Information on scientific and (or) scientific-technical projects of grant financing by Ministry of Science and Higher EducationRepublic of Kazakhstan

1) Grant financing Grant financing of scientific and (or) scientific-technical projects for 2024-2026 (implementation period 36 months)

Project summary

Project title

ИРН AP22686434 «Building a multilingual text corpus that establishes refrain relationships with name groups»

Project manager

Kalman Gulzhan

Implementation period

2024-2026

Amount of funding

25 272 081 tenge.

Topicality

In the field of computational linguistics, this is due to the availability of a large amount of data in various languages, including Kazakh, developed by artificial intelligence, the latest methods of neural networks and prepared specifically to solve problems in natural language, automatic text analysis, although many of these resources are created for the English language and have very few corpuses with reference designations.

Perfect resources, first of all, researchers to create samples of the national language, national dictionaries on topics, scientific development, the application of methods necessary to conduct linguistic research of the latter provides data in the Kazakh language.

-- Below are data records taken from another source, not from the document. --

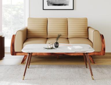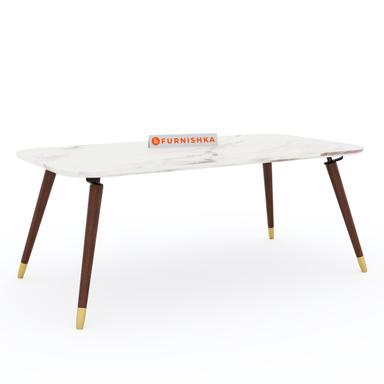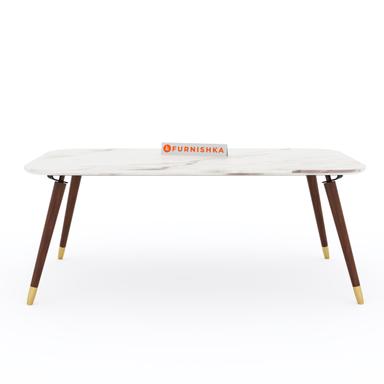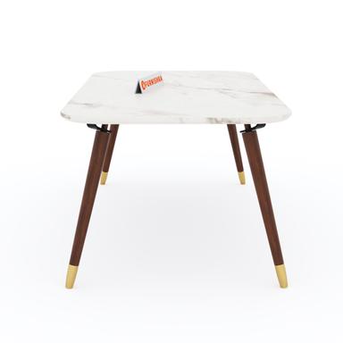 Milan White Marble Coffee Table In Dark Walnut Finish
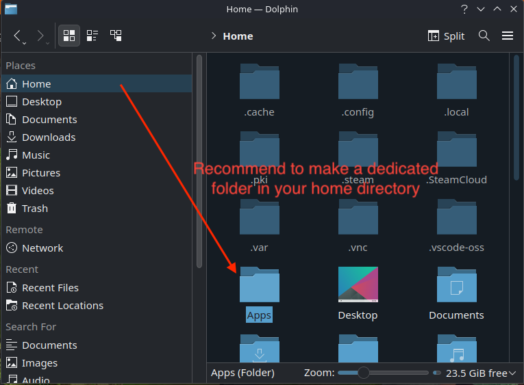 First after downloading it, you should move it to a directory in your HOME directory so it is not lost between SteamOS updates. Here I've created an Apps folder, and cut and pasted the file there.
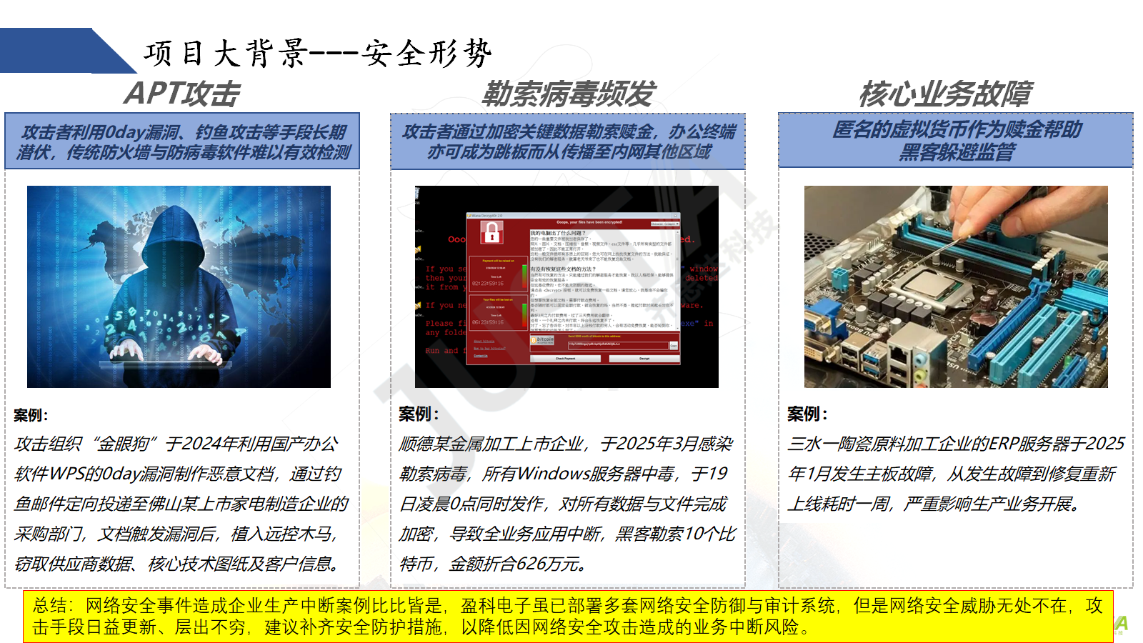 近年网络攻击事件频发:佛山某家电企业遭 “金眼狗” 组织利用 WPS 0day 漏洞窃取核心数据,顺德某金属加工企业因勒索病毒支付 626 万元赎金,此类案例为盈科电子敲响警钟。
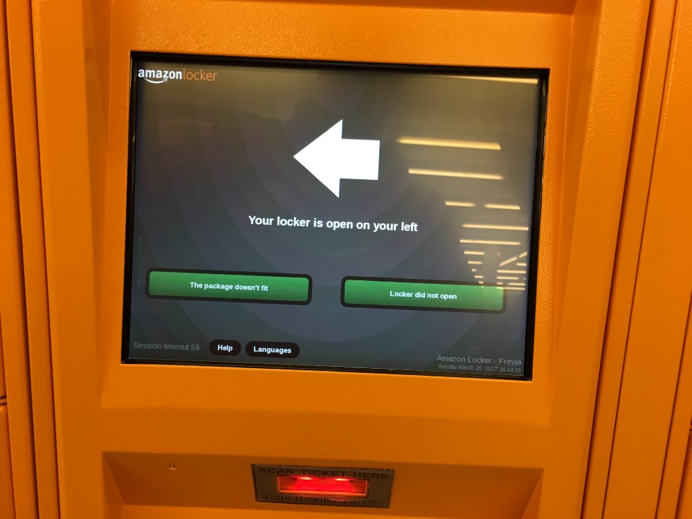 A locker door opened up, but it was way too small for my package. I clicked “the package doesn’t fit” on the screen.

The methods developed for obtaining designated objects and establishing referential relations can have an independent value and contribute to the world science, since they are based on the use of parallel corpora and the integration of various machine learning methods on their basis and linguistic approaches taken into account. In particular, it is planned to compare different typologies of ways of referring to multiple languages (i.e., referring to previously mentioned objects in a text).

The peculiarity of the approach lies in the fact that the proposed in the project: for the first time develops a unique resource of automatic text processing of polylingual, aimed at solving important issues, referencing is carried out comparative analysis of solution methods based on classical linguistic approaches and machine learning methods, combined with respect to the latter in the Kazakh language.

Objective

The goal of this project is to create a multilingual resource to support national research in computational linguistics and automatic text processing.

Project outcomes

The main output of the project will be a multilingual text corpus created with labeled specified objects and references.